(Records drawn from a dataset)

- - -

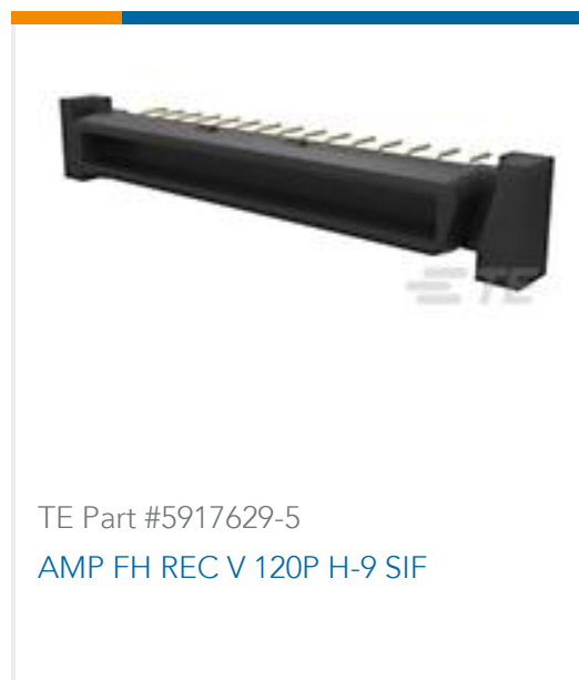
TE Part #5917629-5 AMP FH REC V 120P H-9 SIF
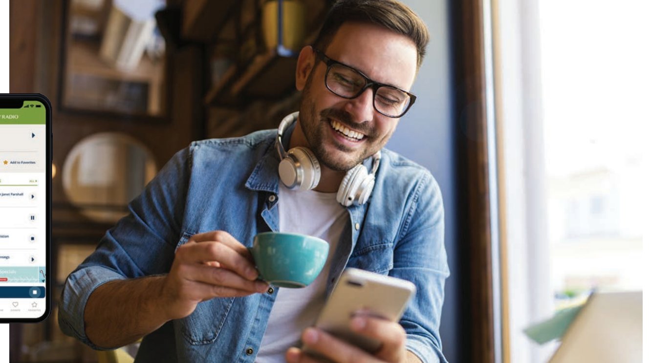
The new and improved Moody Radio app allows listeners to tune in wherever they are.

“Thank God for Moody Radio. Each day I am filled with joy in serving the Lord Jesus. I live in the south of Brazil. I listen daily through the internet.”
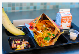
Walking Beef Taco
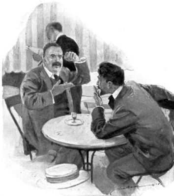
"THE VILLAIN WAS A TRAVELLER IN BUTTONS—BUTTONS!"

It was a crude, flaming, reprehensible, and entirely damning epistle. Aristide turned cold, shivering at the idea of the superb and dainty Zette coming in contact with such abomination. He hated Bondon with a murderous hate. He drank a great gulp of absinthe and wished it were Bondon's blood. Great tears rolled down Bocardon's face, and gathering at the ends of his scrubby moustache dripped in splashes on the marble table.
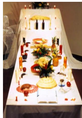
The Ceremonial Table

We are inviting you to partner with us to present this event by authorizing your name and/or logo to be added to our program and promotional materials, and by participation in the development and implementation of the project. Please see the list that follows.
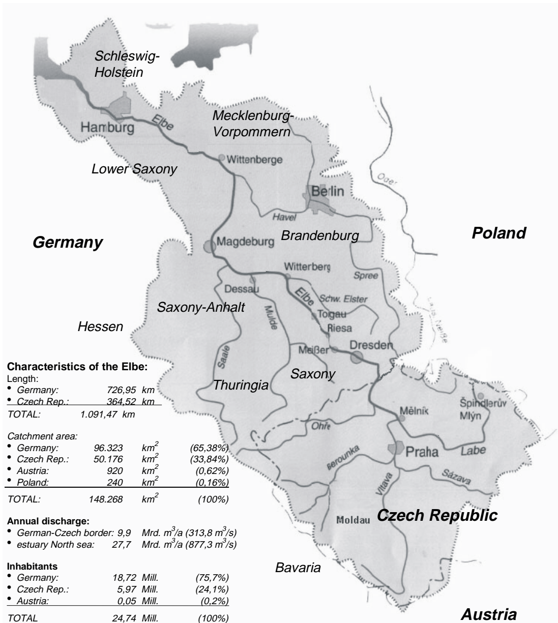
Figure 1: The Elbe Catchment Area [IKSE 1995]
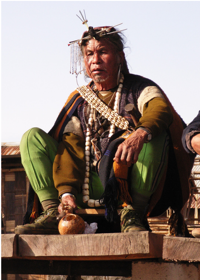
Plate IC. Tani: Apa Tani nyibo (priest) chanting at an animal sacrifice, wearing a much valued antique necklace of conch beads, as well as a band of cowrie shells.
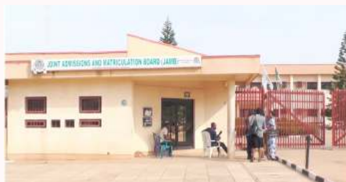
OLD GATE HOUSE AT THE HEADQUARTERS
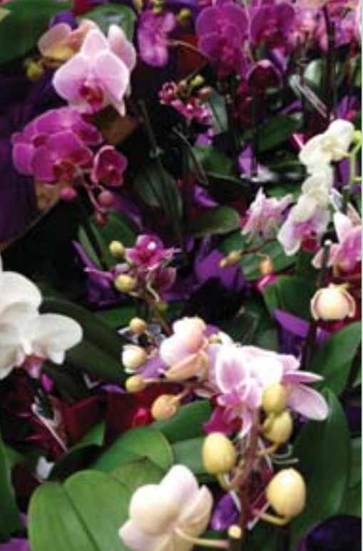
Orchids are showing up in stores in January.

- - -

DIRECTIONS = Show every line above in which the word "Radio" is found.

WRITTEN SOLUTION =
The new and improved Moody Radio app allows listeners to tune in wherever they are.
“Thank God for Moody Radio. Each day I am filled with joy in serving the Lord Jesus. I live in the south of Brazil. I listen daily through the internet.”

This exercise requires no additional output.